For an ordinary interface request, capture the packet through Charles and view the information in the Timing column of the network request. We can see the request duration information similar to the following:

Duration 175 ms
DNS 6 ms
Connect 50 msTLS Handshake 75 ms
Request 1 ms
Response 1 ms
Latency 42 ms

The same request, once again, the duration information is as follows:

Duration 39 ms
DNS -
Connect -
TLS Handshake -
Request 0 ms
Response 0 ms
Latency 39 ms

We found that the overall network request time was reduced from 175ms to 39ms. Among them, DNS, Connect, and TLS Handshake are followed by a horizontal line, indicating that there is no duration information, so the overall request duration is greatly reduced. This is the effect of Http(s) connection reuse. So the question is, what is connection reuse and why can it reduce the request time?

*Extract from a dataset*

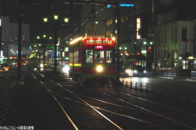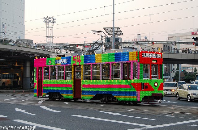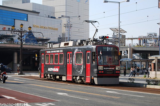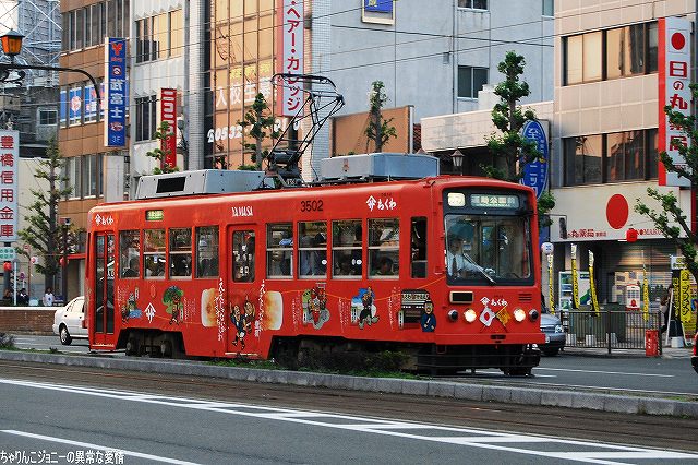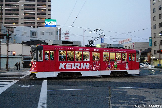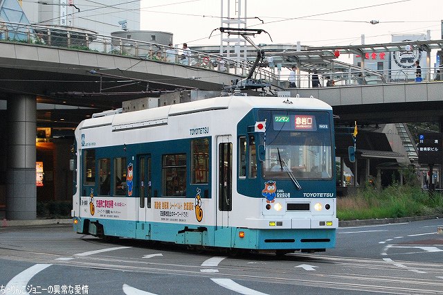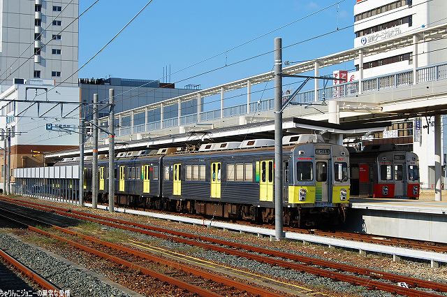 先ずはJR豊橋駅より、隣接する位置へと移転した豊橋鉄道新豊橋駅の状況を撮影。 ちょうど黄色を基調とした「なのはな」編成がやってきていた。 ・1800系 600V時代は雑多な元名鉄車を含む吊り掛けモータ車や名鉄5200系の車体に国鉄101系の足回りを組み合わせた(※1)1900系等が使用されていたが、1997(H7)年の1600V昇圧に際し名鉄7300系に統一された。 ところが、吊り掛けモーター車で性能が低く2扉転換クロスシート車なのでラッシュ時の収容力にも難が有り(※2)、昇圧に伴いスピードアップしたダイヤを維持する事が出来ず遅れが常態化する事態に陥った。 そのため早くも2001(H12)年に、18m 3扉 ロングシート車両の元東急7200系の譲渡を受け、1800系として使用を開始。 1800系はステンレス地に赤塗装(…ってステッカーらしいけどね)が基本だが、写真の「なのはな」号として黄色の塗装が施されている編成や、「なぎさ号」として青色の塗装が施されている編成が有る。 さらに今年に入り、新豊橋駅の移転/配線変更に伴い車両の運用数が増えた事から、上田電鉄より同型車2両の譲渡を受け、部品取り用として豊鉄が保管していた1両と合わせ、新たに3両編成1本が登場しており、こちらは緑系の塗装が施されているそう。 ※1:5200系本来の足回りは5300系に転用 ※2:豊橋鉄道渥美線は、近年のローカル私鉄では珍しく輸送力が伸びている路線。 写真は元名鉄揖斐線の780形。新たにアドバンカラーの全面広告電車がお目見えしていた。 ちなみに、「駅前」の電停は、かつてはこの写真で電車がいる辺りに設置されていて、豊橋駅からは横断歩道や地下道にて少し歩かなくてはならなかったが。1998(H10)年に路線を150m延長し、豊橋駅前ペデストリアンデッキ下に新設された停留所へと乗り入れるようになり、利便性が向上している。 ・モ780形 名鉄揖斐線-岐阜市内線直通運転用に1997(H9)年から翌年にかけて7両が登場した形式だが、2005(H17)年の路線廃止により全7両が豊橋にやって来た。 車番を含め基本的には名鉄時代のまま使用されているが、豊橋では連結運転を行わない為連結器は撤去されたり、車内に降車知らせボタンが追加されていたりする。 もと東京都電7000形の3500形。 (右)何故かワタシが豊橋へ行くと車庫で休んでいる事の多いモ3502「ヤマサのちくわ」。今回は動いている所を撮影できた。 ・モ3500形 元東京都電7000形。1992(H4)年と1999(H11)に2両ずつ計4両が譲渡された。 豊橋での使用に際し… ・軌間及びモータの変更(※3) ・冷房装置の搭載 ・集電装置の変更(※4) ・前扉を引き戸からバスタイプの折戸へと変更 ・中扉の位置の変更 ・ステップの設置(※5) …等の「大改造」が実施されている。 ※3:1372mm→1067mm 軌間が狭くなった事により、左右両輪の間に収まるモータも手持ち品に変更。そのため出力が落ちてしまったそう。 ※4:ビューゲル→Zパンタ ※5:都電荒川線は、全停留所にプラットホームが設置されている。 本命の花電車キター。 使用されているのは名古屋市電最後の生き残りであるモ3102。この車両は夏期のビール電車等イベント用に使用されているよう。 (左)後方に元名鉄美濃町線モ800形を従えている ・モ3100形 元名古屋市電1400形。 名古屋市電の標準型として1937(S12)年より75両が量産され、1974(S49)の市電全廃まで主力として活躍した車両。 各所に新機軸を搭載しつつ計量化を図った車両で、名古屋市電を代表する優秀車と言われている。 豊橋へは1971(S46)に9両が譲渡され、うち7両が冷房化改造され近年まで主力として活躍していたが、 2005(H17)年の名鉄岐阜600V線全廃に伴う「新車」が一挙投入により、現在は夏場の「ビール電車」や豊橋まつりの花電車等のイベント用として3102の1両を残すのみ。 愛知県警の広告が貼られていた。 ・モ800形 名鉄美濃町線用にバリアフリーの部分低床車として2000(H12)年に3両が登場するも、2005(H17)年の路線廃止により岐阜での活躍は僅か5年ほど。 その後801が豊橋に、802と803は福井鉄道(※6)へと譲渡された。 特殊な構造ゆえか、井原にて分岐する際の急カーブ(※7)を曲がれない為、運動公園前には入線できず。運用は専ら駅前-赤岩口間に限られている。 東田本線の車両は、イベント用の3102を除き広告電車となっているが。801の場合岐阜時代の基本塗装を残しつつ、部分的に広告が入れられている。 そのため広告の入替が容易なのか、比較的短期間の広告に利用されているよう。 ※6:福井鉄道へはその他に、共に連接車の揖斐線用モ770形と美濃町線用モ880形が譲渡されている。 ※7:半径11m。日本の鉄/軌道の中では最も急なカーブらしい ここからは新川電停付近で撮影した写真。 ・モ3200形 元名鉄モ580形。 岐阜市内専用として1955(S30)年より翌年にかけて4両が製造され、後に揖斐線直通運用に転用された510/520形とトレードする形で美濃町線用に。 更にその後、美濃町線へ870形及び880形の連接車投入に伴い、1976(S51)年に1両、1981(S56)に2両の計3両が豊橋鉄道入りしている(※8)。 ※8:残る1両は南知多ビーチラン

Before solving this question, let's take a look at what happened between the initiation of a network request and the receipt of the returned data?

Client initiates network request
Resolve the domain name through the DNS service and obtain the server IP (DNS resolution based on UDP protocol)
Establish a TCP connection (3-way handshake)
Establish a TLS connection (only used for https)
Send network request request
The server receives the request, constructs and returns the response
TCP connection closed (4 waves of hands)

The above connection reuse directly eliminates the need for steps 2, 3, and 4 above. How to calculate the time saved in the middle? If we define a round-trip (one communication round-trip) when a network request is initiated once and a response is received as an RTT (Round-trip delay time).

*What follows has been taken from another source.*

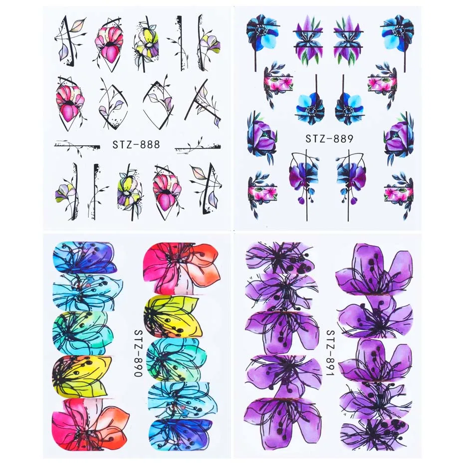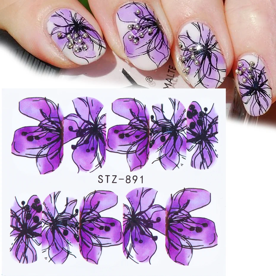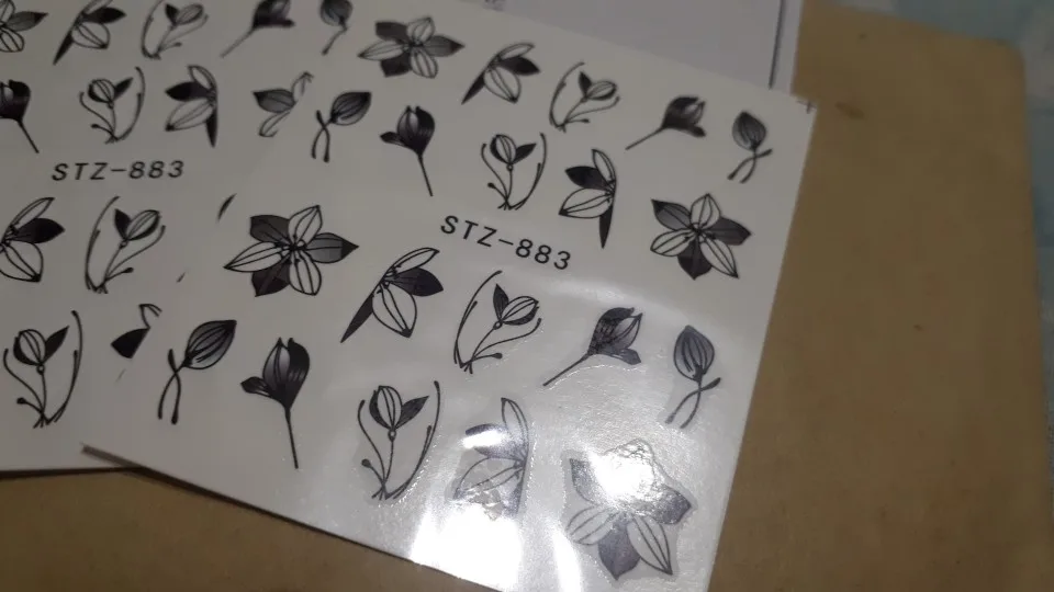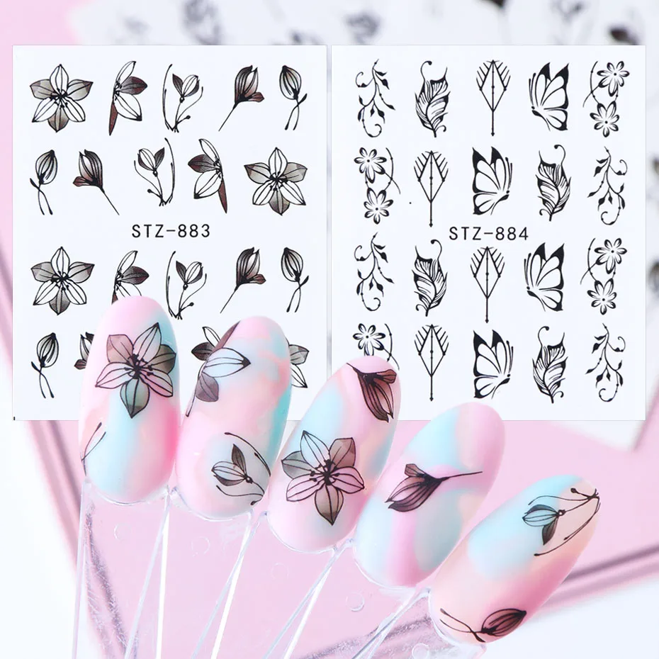 Переводные наклейки для ногтей, 1 шт., черные Цветочные Переводные картинки, цветы, листья, украшения для дизайна ногтей, Слайдеры для маникюра TRSTZ880-902

1) DNS is based on UDP protocol by default, and resolution requires at least 1-RTT;

2) To establish a TCP connection, 3-way handshake, 2-RTT is required;

(The picture comes from the Internet)

3) Establish a TLS connection. There are differences according to different TLS versions. The common TLS1.2 requires 2-RTT.

 Client                                               Server

ClientHello                  -------->
                                                ServerHello
                                               Certificate*
                                         ServerKeyExchange*
                                        CertificateRequest*
                             <--------      ServerHelloDone
Certificate*
ClientKeyExchange
CertificateVerify*
[ChangeCipherSpec]
Finished                     -------->
                                         [ChangeCipherSpec]
                             <--------             Finished
Application Data             <------->     Application Data

                   TLS 1.2握手流程（来自 RFC 5246）

Note: TLS1.3 version supports 0-RTT data transmission (optional, generally 1-RTT), but the current support rate is relatively low and is rarely used.

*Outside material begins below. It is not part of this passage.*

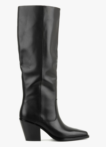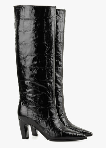 Высокие сапоги в классическом черном цвете излучают сдержанную элегантность и уверенность. Изготовленные из гладкой кожи, они имеют минималистичный дизайн, подчеркивающий утонченность силуэта. Металлический декор в виде тонкого ремешка с блестящей пряжкой придает изысканный акцент, не нарушая общей гармонии. Прямое голенище и небольшой каблук обеспечивают комфорт и стабильность в движении. Эта обувь — удачное сочетание классики и современности, подходящее как к офисным лукам, так и к повседневным образам в холодный сезон.

In http1.0 version, a tcp socket connection needs to be established for each http request, and the connection is closed after the request is completed. The process of pre-establishing the connection may cost extra 4-RTT, resulting in low performance.

Starting from the http1.1 version, the http connection is a persistent connection by default, which can be reused. The connection is closed by adding Connection:Close to the header of the message. If there are multiple requests in parallel, multiple connections may still need to be established. Of course, we can also transmit on the same TCP connection. In this case, the server must send back the results in the order of the client's request.

Note: reused by default. However, idle persistent connections can also be closed by the client and server at any time. Not sending Connection: Close does not mean that the server promises to keep the connection open forever.

http2 goes a step further, supports binary framing, and realizes multiplexing of TCP connections. It is no longer necessary to establish multiple TCP connections with the server, and multiple requests for the same domain name can be performed in parallel.

(The picture comes from the Internet)

Another thing that is easy to be overlooked is that TCP has congestion control, and there is a slow start process after establishing a connection (according to the network situation, the number of data packets sent is increased little by little, the front is exponential growth, and the latter becomes linear). The connection can avoid this slow start process and send packets quickly.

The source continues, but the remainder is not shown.